Exactly as written, reproduce the lines from the beginning of the data through the line containing "Слайд 11Совет девятый: у"; the pictures are not reproduced.

*Listed entries*
========
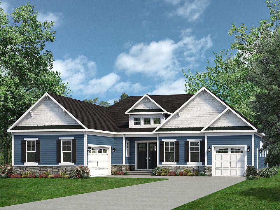 Chesapeake Homes newest floorplan-complete with generous sized master suite, 2 secondary bedrooms, 2.5 bathroom, dining room and great rooms both with coffered ceilings. gourmet kitchen with corner pantry, side load third car and also a single car garage on opposite side of home. One of a kind plan, open concept, beautiful views off your oversized back covered porch looking out onto one of the many fountains in Bridgewater.
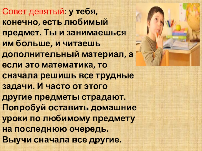 Слайд 11Совет девятый: у тебя, конечно, есть любимый предмет. Ты и
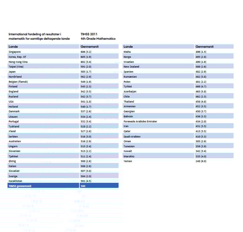 Kun otte lande – blandt andet Finland – klarer sig bedre end Danmark i matematik. Og det samme gør sig gældende for 4. klasses-elever i natur/teknik. Her ligger både Sverige og Finland over Dan-mark. Ti procent af de danske elever har en avanceret præstation i matematik og otte procent i natur/teknik. De tal er også højere end det internationale gennemsnit. Samtidig er der kun få danske elever i gruppen med dårlig præstation. Øverst i Timss-undersøgelsen (Trends in International Mathematics and Science Study) ligger lande som Singapore, Korea, Kina og Japan. Disse lande lå også øverst i 1995. Mere end 60 lande har deltaget i undersøgelsen de seneste år. Danmark har i 2011 udelukkende deltaget i undersøgelsen med 4. klasserne. 4000 elever i alt. I 1995 var de 13-årige også med i Timss-undersøgelsen, men af økonomiske årsager er det kun 4. klasserne nu. Tidligere betalte DPU, men Timss 2011 er gennemført med 50 procent støtte fra Ministeriet for Børn og Undervisning.
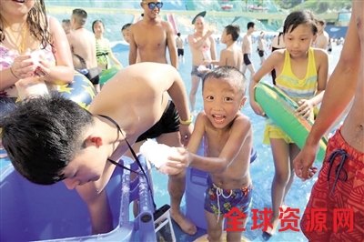 昨日,高温持续,数十位市民在洋人街水上乐园参加冰桶挑战活动,一解暑热。 本报记者 杨新宇 摄
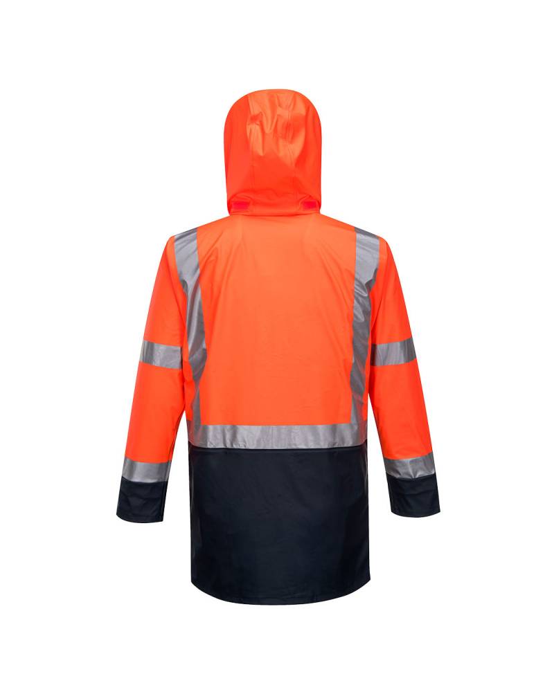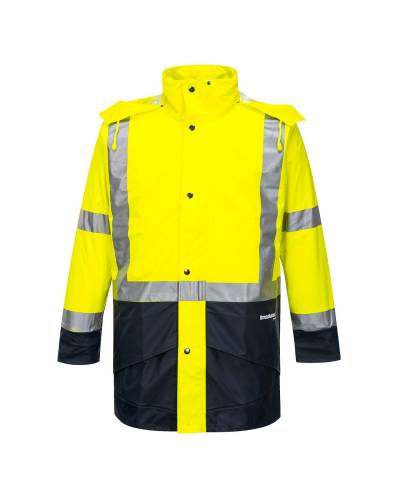 High visibility long line waterproof/breathable BREATHETEC PU jacket with durable knit backing, welded premium reflective tape detail, 4 way stretch, welded seams, large front pockets, adjustable stowaway hood & storm protection collar.
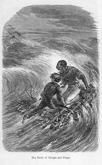 other side of it. The grating was moving towards me. I struck out to make it, and then I saw that it was pushed by a negro. “Keep up, Massa Pringle, keep up,” said a voice in a cheery tone, which I recognised as that of Peter Pongo. My spirits returned. I had been a careless, thoughtless fellow, but I prayed then as I never prayed before, that the dreadful sharks might be kept from me, that I might reach the grating, and might by some means or other be saved. I felt a strength and courage I had not felt before. I struck out with all my power, still it seemed very very long before I reached the grating, and in my agitation I almost sank as I was catching hold of it. Peter Pongo had, however, sprang on to it and caught hold of me. I soon recovered. Words enough did not just then come into my head to thank him, but I took his hand, and he understood me. So far I was safe, for the grating was large enough to hold us both, but the sea was rapidly rising, and we might easily again be washed off. We looked about us, the schooner had not yet tacked, and the squall had already caught her. She was heeling over on her beam-ends, and everything seemed in confusion on board—yards swinging about, ropes flying away, and sails shivering to tatters. It was late in the evening, the sky was obscured, and darkness was coming on. The seas, too, began to dance wildly about us; their white tops, curling over and leaving dark cavern-looking hollows underneath, into which it seemed every instant that we must glide and be swallowed up. The prospect altogether was gloomy in the extreme. I felt how much I owed to poor Peter Pongo, who had voluntarily exposed himself to it for my sake, and I felt that had he not done so, I should long before this have been numbered with the dead. I still thought that we should both be saved. There were some bits of rope fastened to the grating, and by these we lashed ourselves to it, or we should inevitably have been washed off. We were constantly under water, but as it was warm that did not signify, as we soon again came to the surface. Our fear was lest some hungry shark should make a dart at us on those occasions and pick us off. Darker and darker it grew, the seas as they dashed wildly about made a loud prolonged roar, and at last, as we cast our eyes forward, not a glimpse of the schooner could we see. As the conviction of our forlorn condition broke upon me—I could not help it—I gave way to tears. I could not wring my hands because they were busy holding on to the grating. I thought of you, mother, and papa, and dear Harry, and our sisters, and that I should never see you any more; or old England, or the Hall, or Uncle Tom, or any of my friends. Peter wasn’t so unhappy, because he had no friends remaining, and his native village was in ruins. The darkness came thicker and thicker down upon us. Nothing could we see but the dark waves rising up on every side against the sky. Not a star was visible. We no longer, indeed, knew in which direction to look for the schooner. It appeared, I remember exactly, as if we were being tossed about inside a black ball. I could not calculate how long a time had passed since I had fallen overboard, when I began to feel very hungry. I had had a bit of biscuit in my pocket, but that had been lost with my jacket, and now I had nothing to eat. I bore it for some time, and then I felt very faint, and thought that I could not possibly hold on any longer. Still I did my best not to let go, and every now and then Peter spoke to me and encouraged me, “Neber fear, massa,” said he. “Him you tell me of, live up in sky, Him watch over us.” We did not speak much, however; we could not, I do not know why. Oh, that was a dreary, awful night, not likely to be forgotten! Yet here I am alive. I shall never despair after that, and shall always feel, in however terrible a position I am placed, that a merciful God is watching over me, and that He will find means to save me.
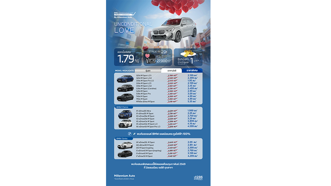 BMW มิลเลนเนียม ออโต้ ออกรถง่ายลุ้นรับทองเฮงรับปีม้าทอง วาเลนไทน์ปีนี้ อบอวลด้วยกลิ่นอายแห่งความรัก กับกิจกรรม ‘UNCONDITIONAL LOVE’ ระหว่างวันที่ 13-15 กุมภาพันธ์ 2569 ที่ เพลิดเพลินกับเวิร์กช็อปด้านศิลปะและความงาม พร้อมข้อเสนอพิเศษสำหรับลูกค้า บีเอ็มดับเบิลยู อาทิ ดอกเบี้ยพิเศษเริ่มต้น 1.99% สิทธิ์รับประกันภัยชั้นหนึ่งหรือ BSI Ultimate Upgrade รวมถึงสิทธิพิเศษสำหรับลูกค้าที่นำรถคันเก่ามาแลกรถใหม่ ห้ามพลาดกับกิจกรรมทดลองขับ BMW M2 LCI และ BMW XM ที่มีเฉพาะในงานนี้เท่านั้น
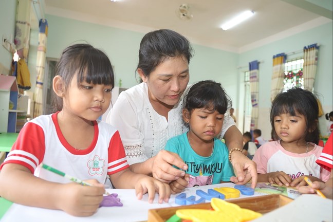 | Giáo viên Trường Mẫu giáo Tâm Thắng chú trọng kèm học sinh trong các giờ học |
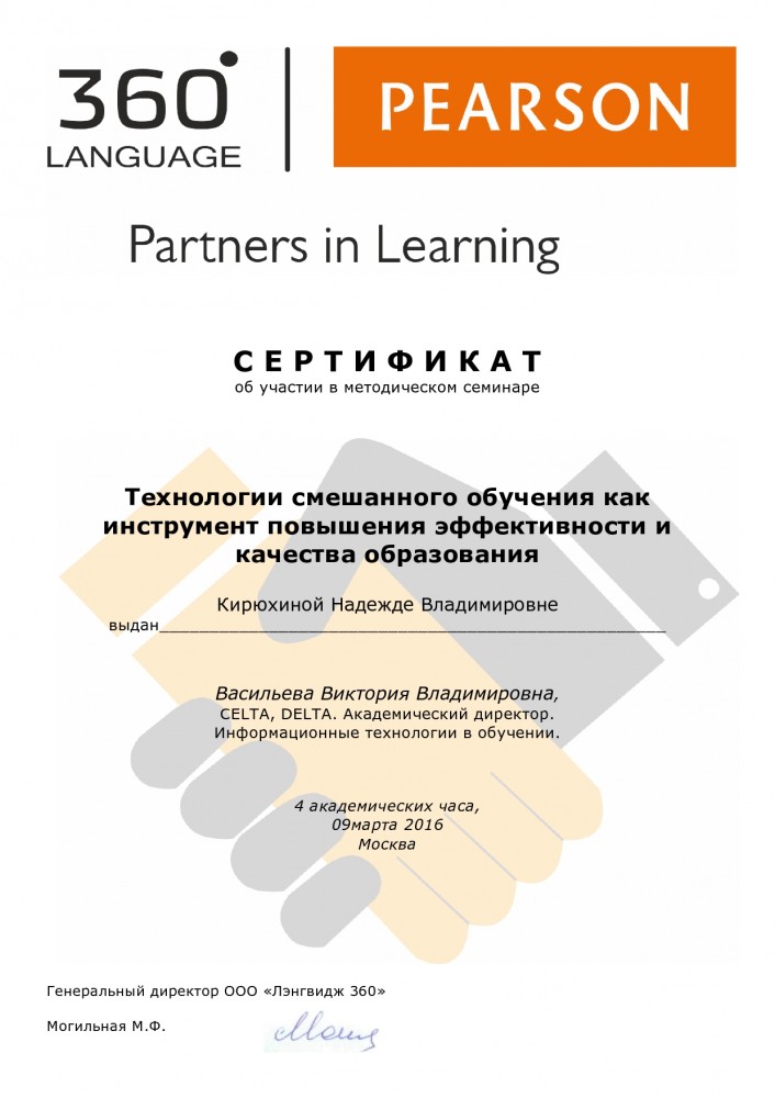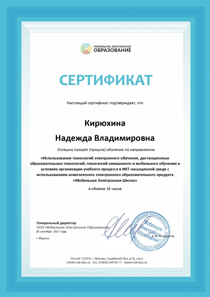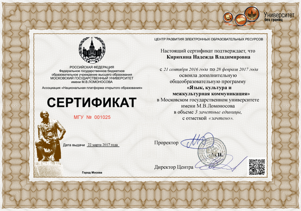 - Удостоверение о повышении квалификации № 180000460684 от 26.02.2018 "Информационно-коммуникационные технологии в высшей школе" 72 час. ОГУ имени И.С. Тургенева
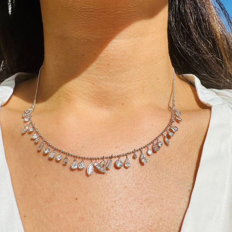 This exquisite 14K white gold necklace showcases a breathtaking arrangement of varying diamond shapes , gracefully suspended from a 17" chain. It's a gorgeous and refined addition to any jewelry collection.
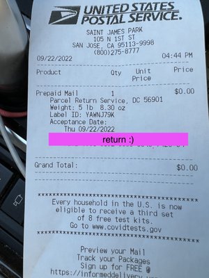 Address: NONE, PARCEL RETURN SERVICE, DC 56901-0000, USA ...
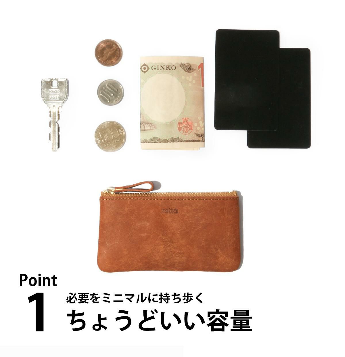 キーリングを備え、ホームキーとカード、そして少しの小銭とお札も入る程よいサイズ感を実現。
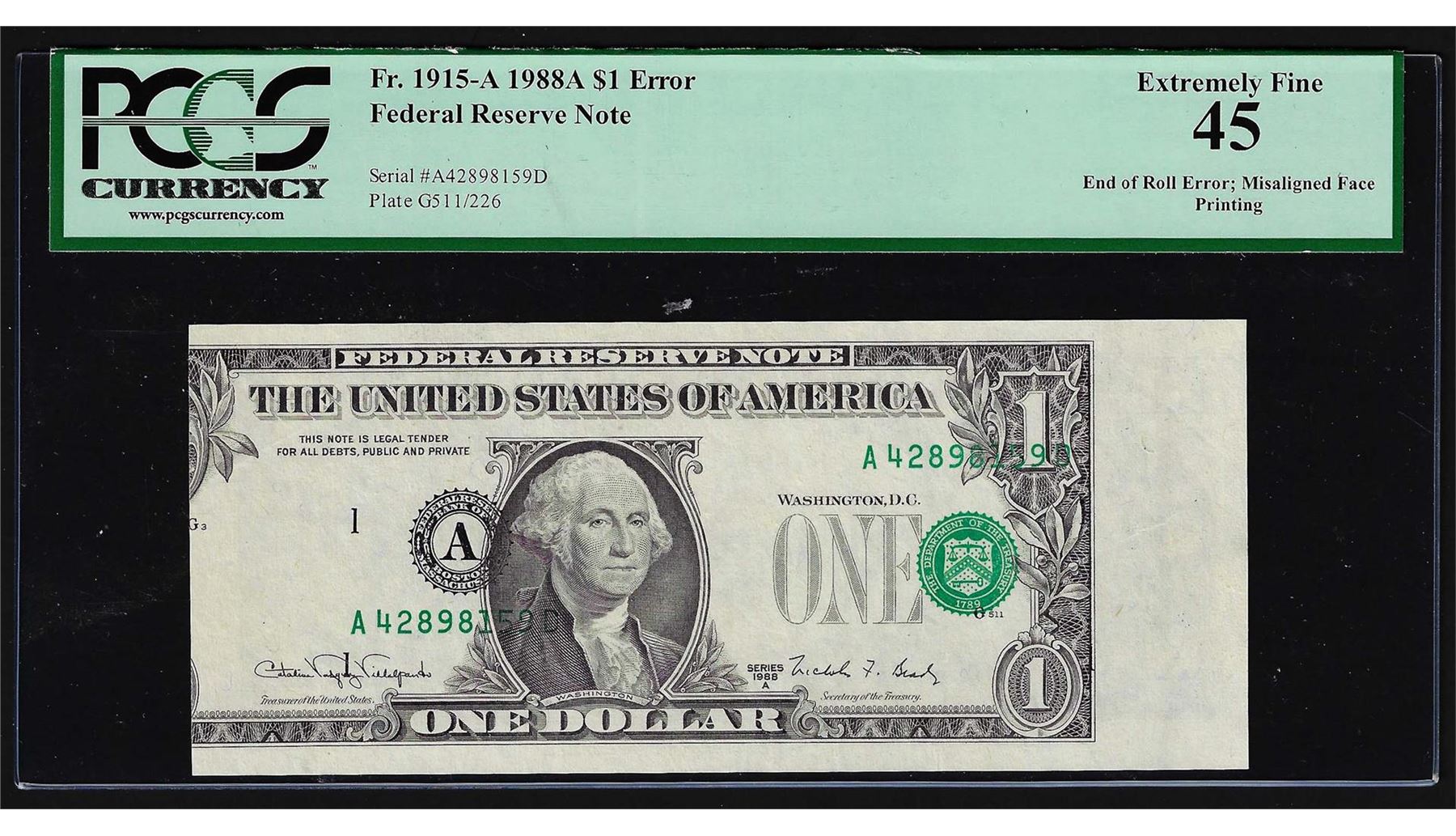 One 1988A $1 Federal Reserve Note Misaligned Face ERROR PCGS XF45. PCGS Graded.
========
*Answer area*
 Chesapeake Homes newest floorplan-complete with generous sized master suite, 2 secondary bedrooms, 2.5 bathroom, dining room and great rooms both with coffered ceilings. gourmet kitchen with corner pantry, side load third car and also a single car garage on opposite side of home. One of a kind plan, open concept, beautiful views off your oversized back covered porch looking out onto one of the many fountains in Bridgewater.
 Слайд 11Совет девятый: у тебя, конечно, есть любимый предмет. Ты и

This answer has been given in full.